● **TASK DETAILS**: In this exercise, copy exactly the lines from the one that contains "This paper generalizes" through the end of the entries below; pictures are not copied.

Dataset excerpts

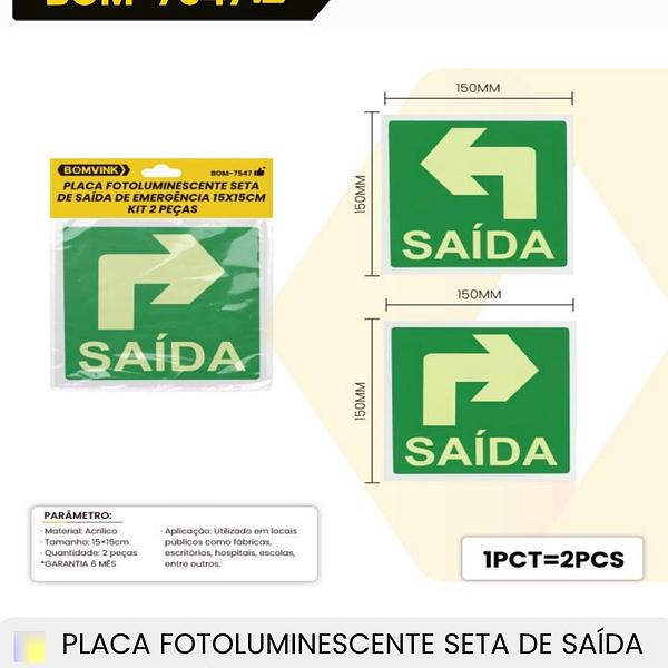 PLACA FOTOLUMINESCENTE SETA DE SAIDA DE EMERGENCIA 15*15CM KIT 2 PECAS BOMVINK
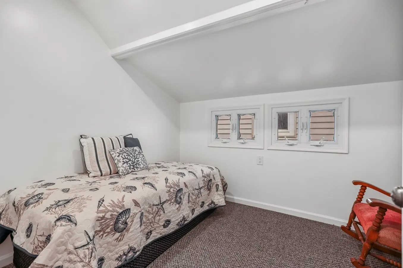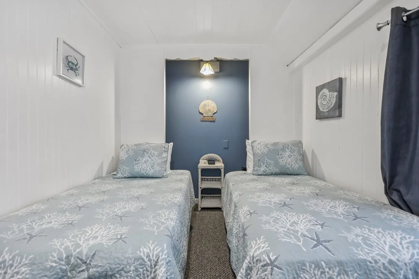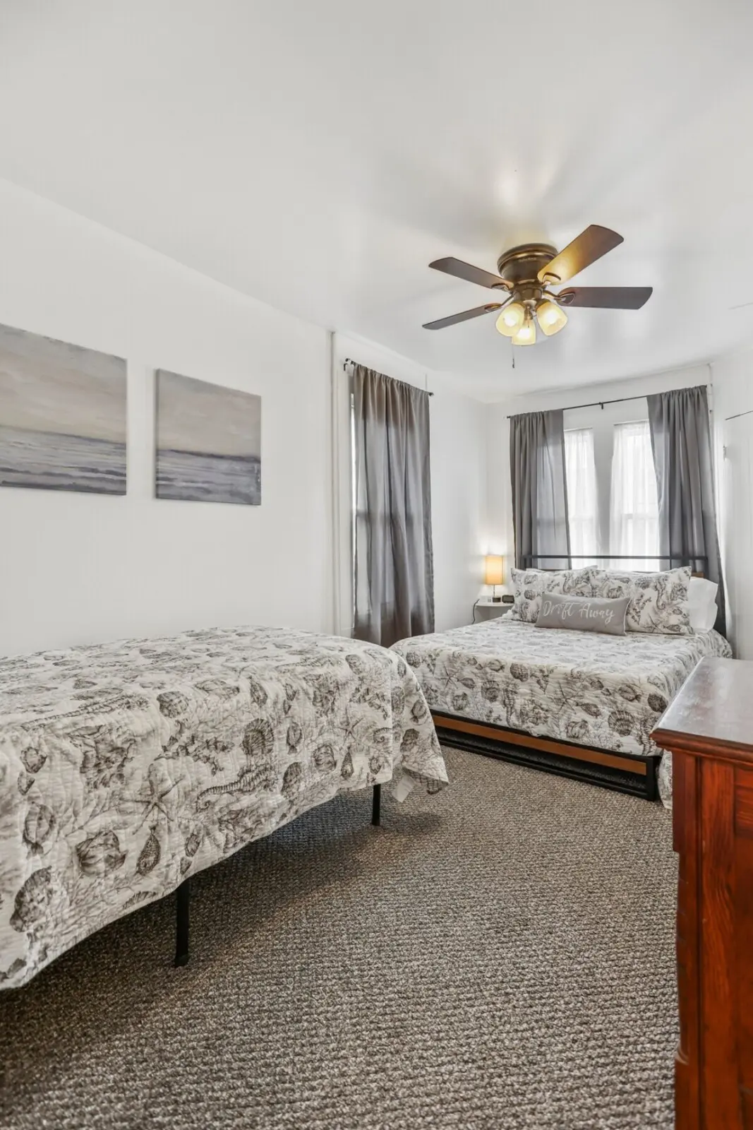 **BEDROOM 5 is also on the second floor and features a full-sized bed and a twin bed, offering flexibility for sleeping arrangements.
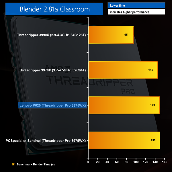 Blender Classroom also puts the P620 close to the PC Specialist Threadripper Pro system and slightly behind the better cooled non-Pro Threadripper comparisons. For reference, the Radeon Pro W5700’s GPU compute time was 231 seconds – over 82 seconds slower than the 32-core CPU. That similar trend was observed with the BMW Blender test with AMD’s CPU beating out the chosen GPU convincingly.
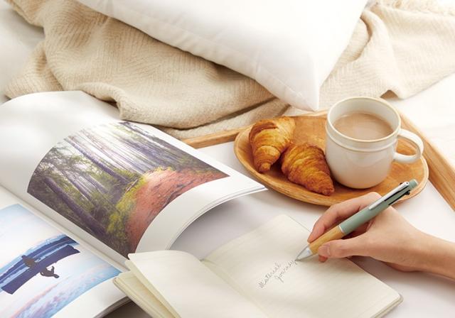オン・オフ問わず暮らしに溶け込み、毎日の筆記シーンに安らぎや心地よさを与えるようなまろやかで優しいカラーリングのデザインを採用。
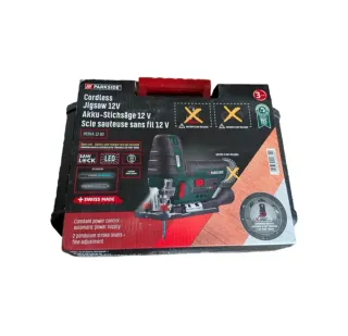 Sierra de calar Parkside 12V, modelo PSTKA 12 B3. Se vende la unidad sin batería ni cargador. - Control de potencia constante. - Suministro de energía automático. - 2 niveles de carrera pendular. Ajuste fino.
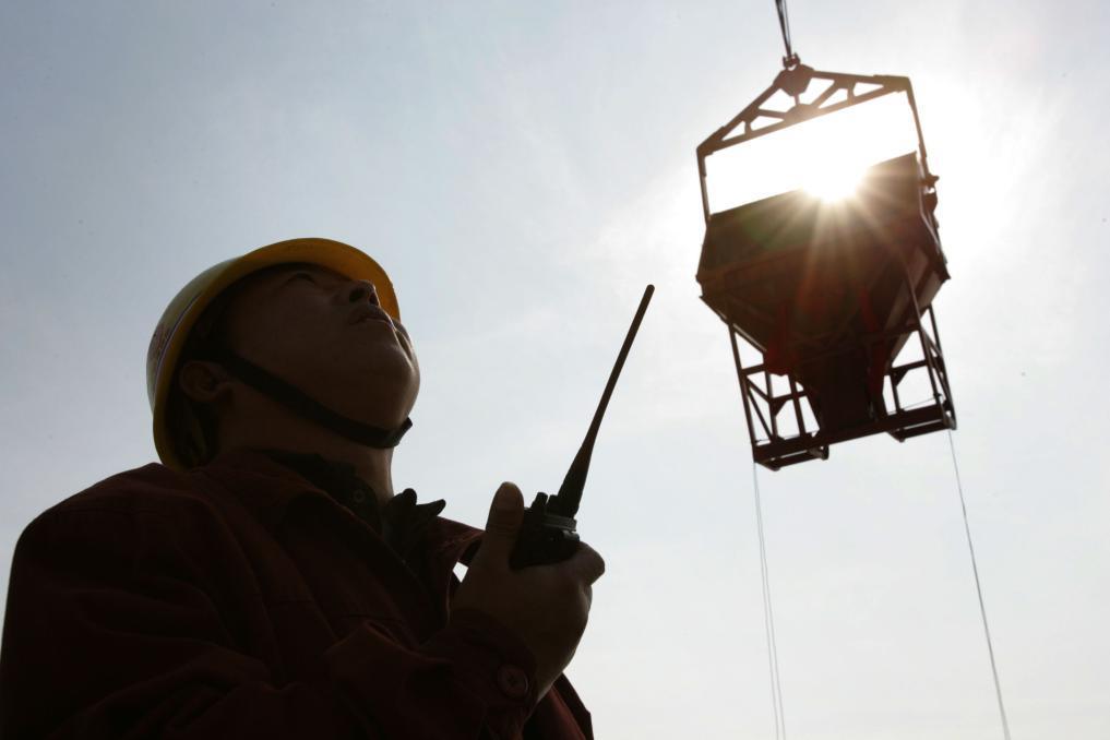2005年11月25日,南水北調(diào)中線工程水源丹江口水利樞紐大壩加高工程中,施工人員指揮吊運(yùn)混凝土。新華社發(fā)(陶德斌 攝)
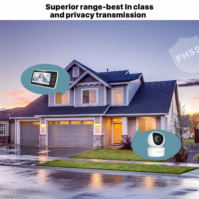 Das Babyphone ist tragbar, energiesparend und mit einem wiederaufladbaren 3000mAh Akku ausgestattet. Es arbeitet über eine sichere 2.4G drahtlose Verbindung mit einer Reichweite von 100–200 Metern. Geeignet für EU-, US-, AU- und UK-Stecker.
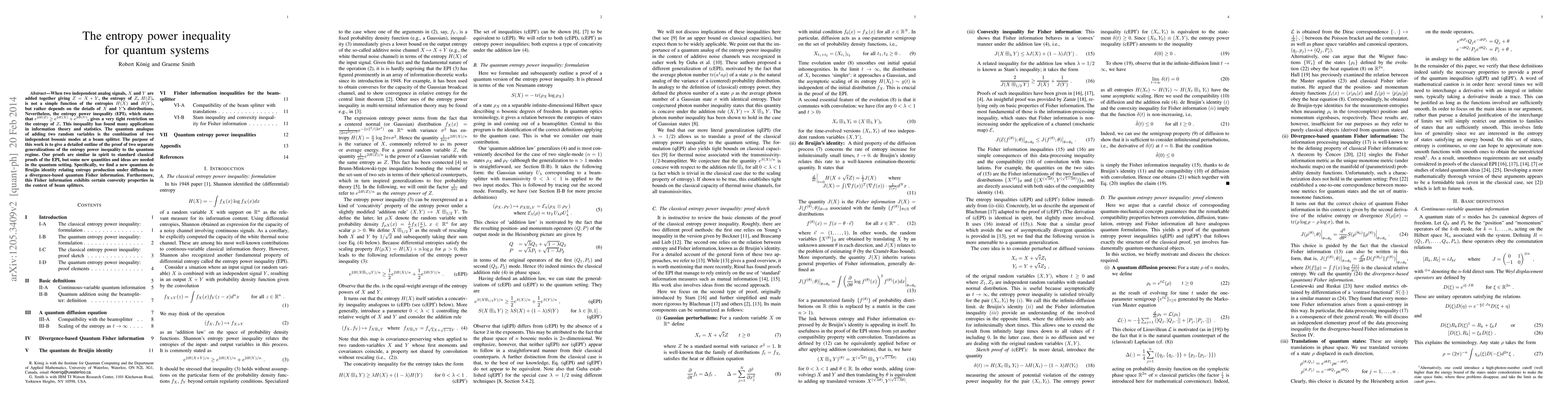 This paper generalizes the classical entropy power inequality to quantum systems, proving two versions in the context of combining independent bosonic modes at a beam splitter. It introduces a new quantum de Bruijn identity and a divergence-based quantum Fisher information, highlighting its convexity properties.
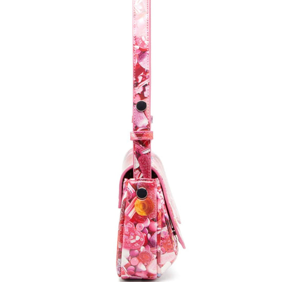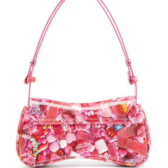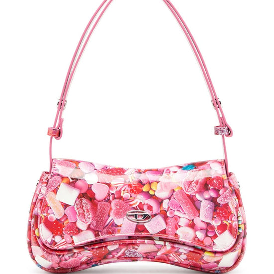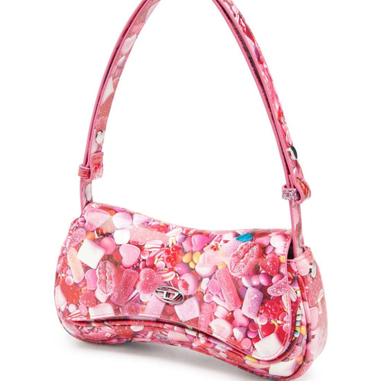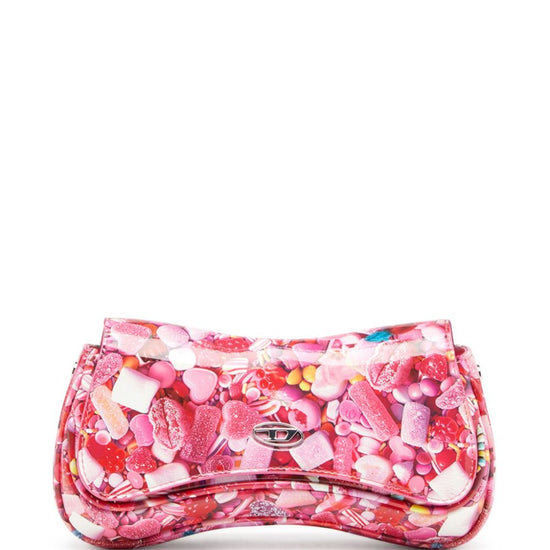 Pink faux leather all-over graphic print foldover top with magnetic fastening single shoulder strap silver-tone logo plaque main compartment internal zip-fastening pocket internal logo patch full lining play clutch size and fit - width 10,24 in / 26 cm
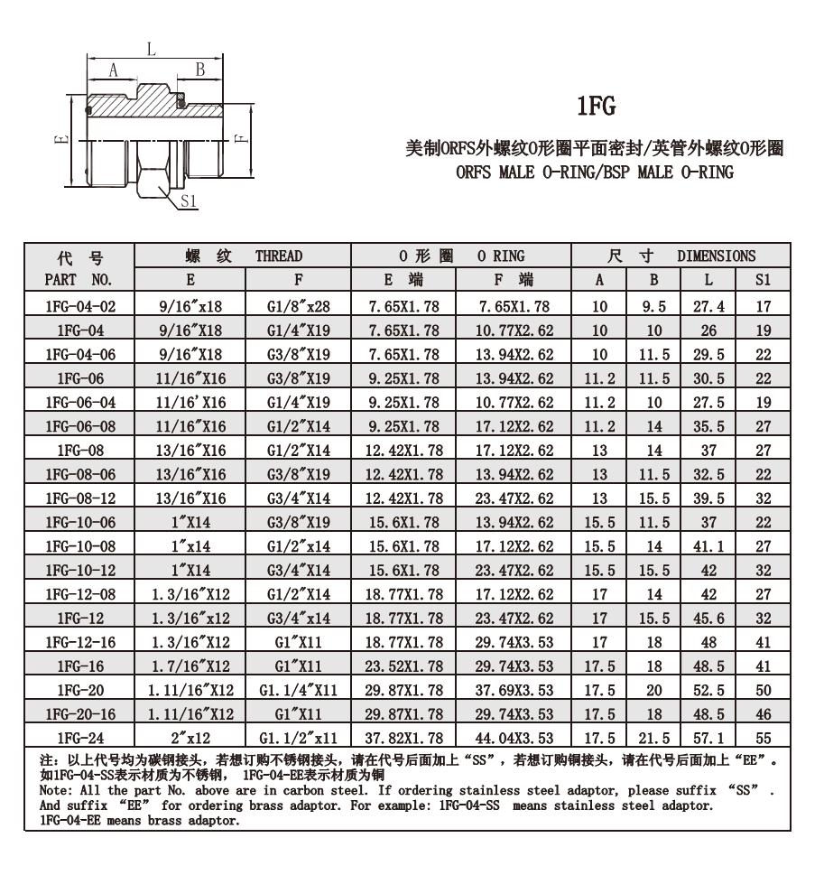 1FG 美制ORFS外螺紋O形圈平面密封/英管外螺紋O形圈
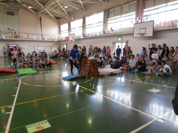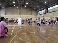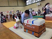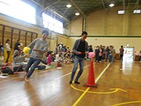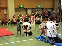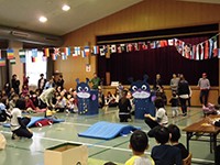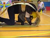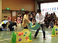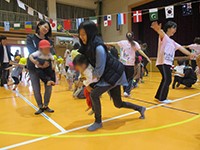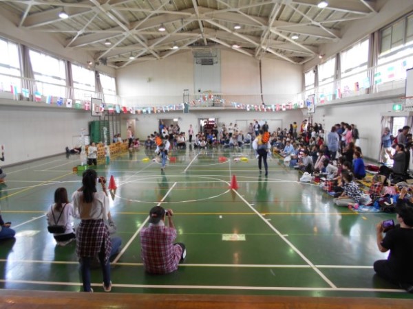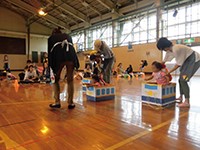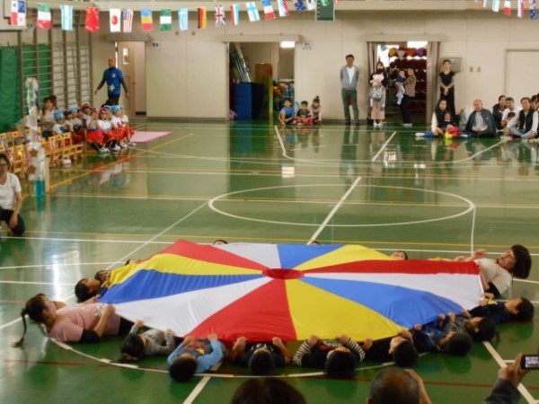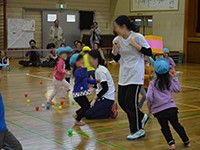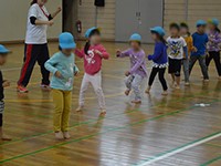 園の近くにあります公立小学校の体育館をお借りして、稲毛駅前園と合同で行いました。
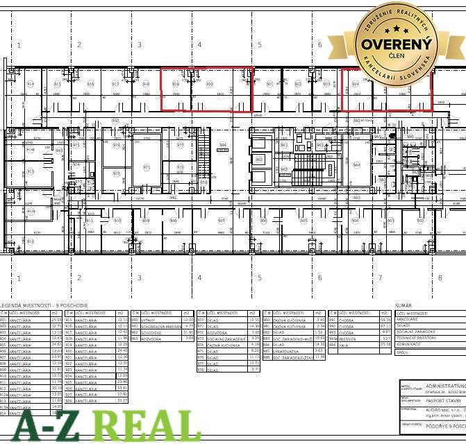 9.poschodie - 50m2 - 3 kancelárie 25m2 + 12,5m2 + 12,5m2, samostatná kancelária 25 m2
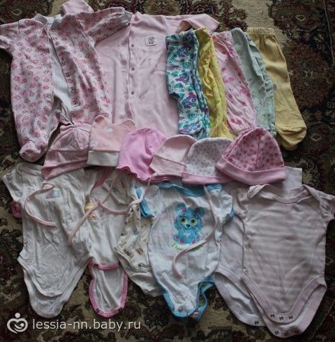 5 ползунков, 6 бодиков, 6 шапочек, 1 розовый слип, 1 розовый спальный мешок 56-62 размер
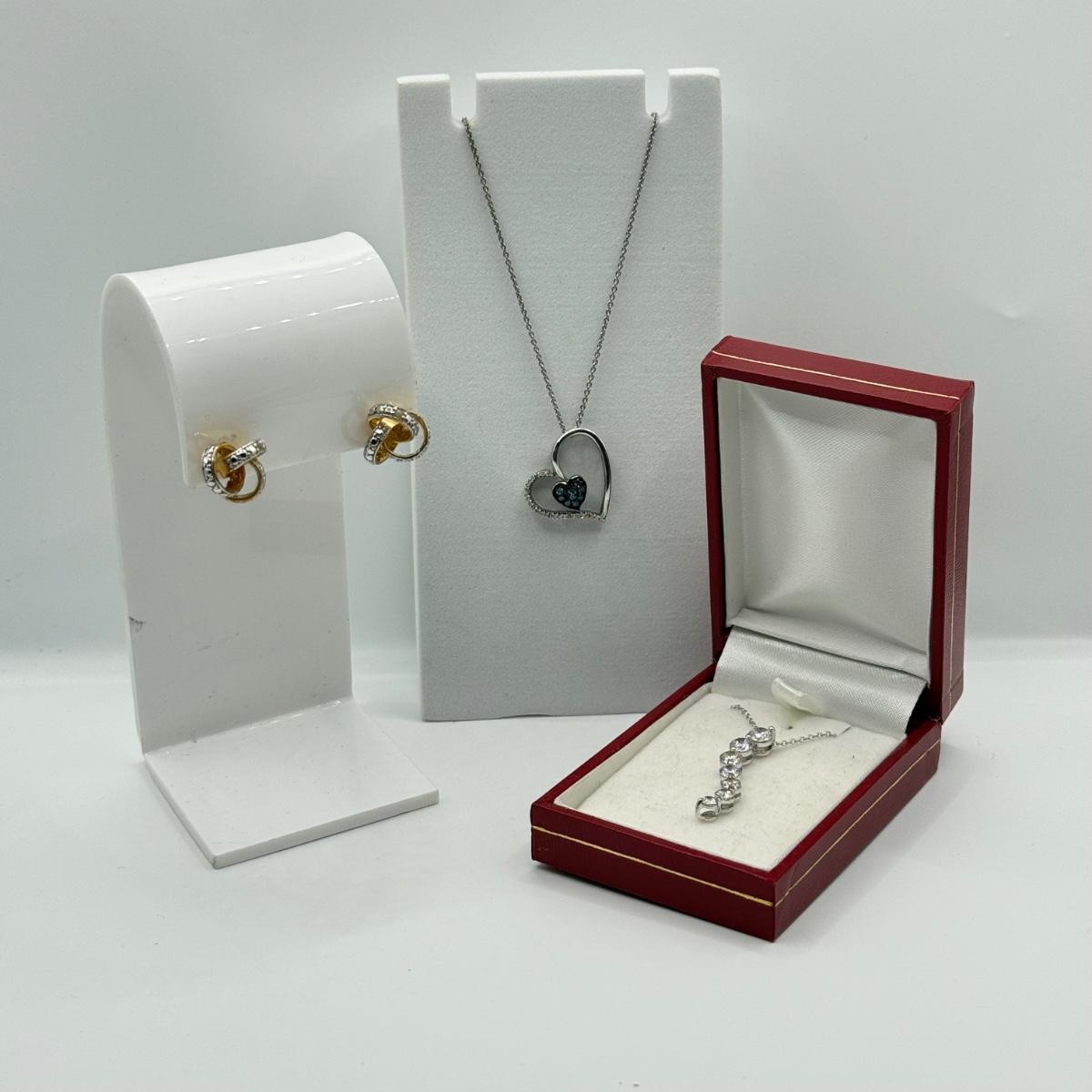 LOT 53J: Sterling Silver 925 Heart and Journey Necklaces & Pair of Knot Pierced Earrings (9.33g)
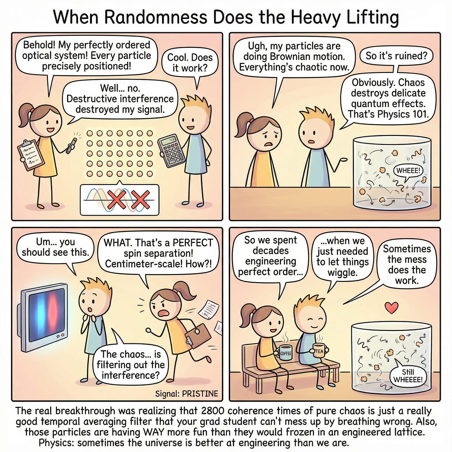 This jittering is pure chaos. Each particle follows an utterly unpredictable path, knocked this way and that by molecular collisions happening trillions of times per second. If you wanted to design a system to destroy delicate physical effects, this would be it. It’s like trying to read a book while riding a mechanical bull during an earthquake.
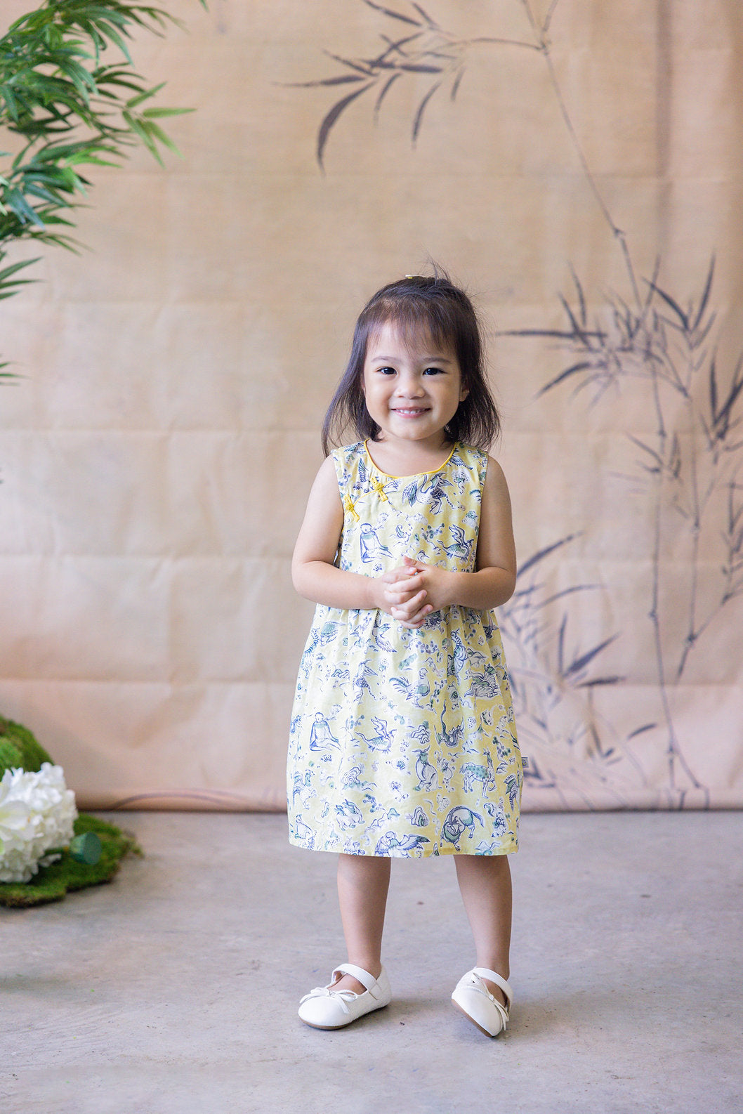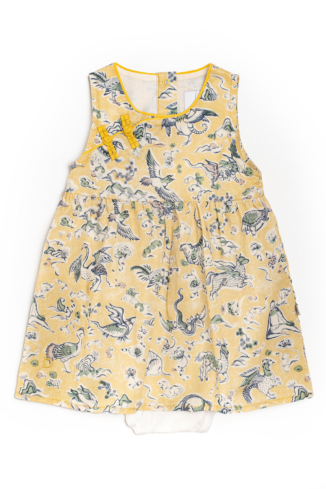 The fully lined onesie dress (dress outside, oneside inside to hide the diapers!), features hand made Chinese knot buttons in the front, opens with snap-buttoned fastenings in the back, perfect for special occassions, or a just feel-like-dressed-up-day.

● **REPLY**:
 This paper generalizes the classical entropy power inequality to quantum systems, proving two versions in the context of combining independent bosonic modes at a beam splitter. It introduces a new quantum de Bruijn identity and a divergence-based quantum Fisher information, highlighting its convexity properties.
 Pink faux leather all-over graphic print foldover top with magnetic fastening single shoulder strap silver-tone logo plaque main compartment internal zip-fastening pocket internal logo patch full lining play clutch size and fit - width 10,24 in / 26 cm
 1FG 美制ORFS外螺紋O形圈平面密封/英管外螺紋O形圈
 園の近くにあります公立小学校の体育館をお借りして、稲毛駅前園と合同で行いました。
 9.poschodie - 50m2 - 3 kancelárie 25m2 + 12,5m2 + 12,5m2, samostatná kancelária 25 m2
 5 ползунков, 6 бодиков, 6 шапочек, 1 розовый слип, 1 розовый спальный мешок 56-62 размер
 LOT 53J: Sterling Silver 925 Heart and Journey Necklaces & Pair of Knot Pierced Earrings (9.33g)
 This jittering is pure chaos. Each particle follows an utterly unpredictable path, knocked this way and that by molecular collisions happening trillions of times per second. If you wanted to design a system to destroy delicate physical effects, this would be it. It’s like trying to read a book while riding a mechanical bull during an earthquake.
 The fully lined onesie dress (dress outside, oneside inside to hide the diapers!), features hand made Chinese knot buttons in the front, opens with snap-buttoned fastenings in the back, perfect for special occassions, or a just feel-like-dressed-up-day.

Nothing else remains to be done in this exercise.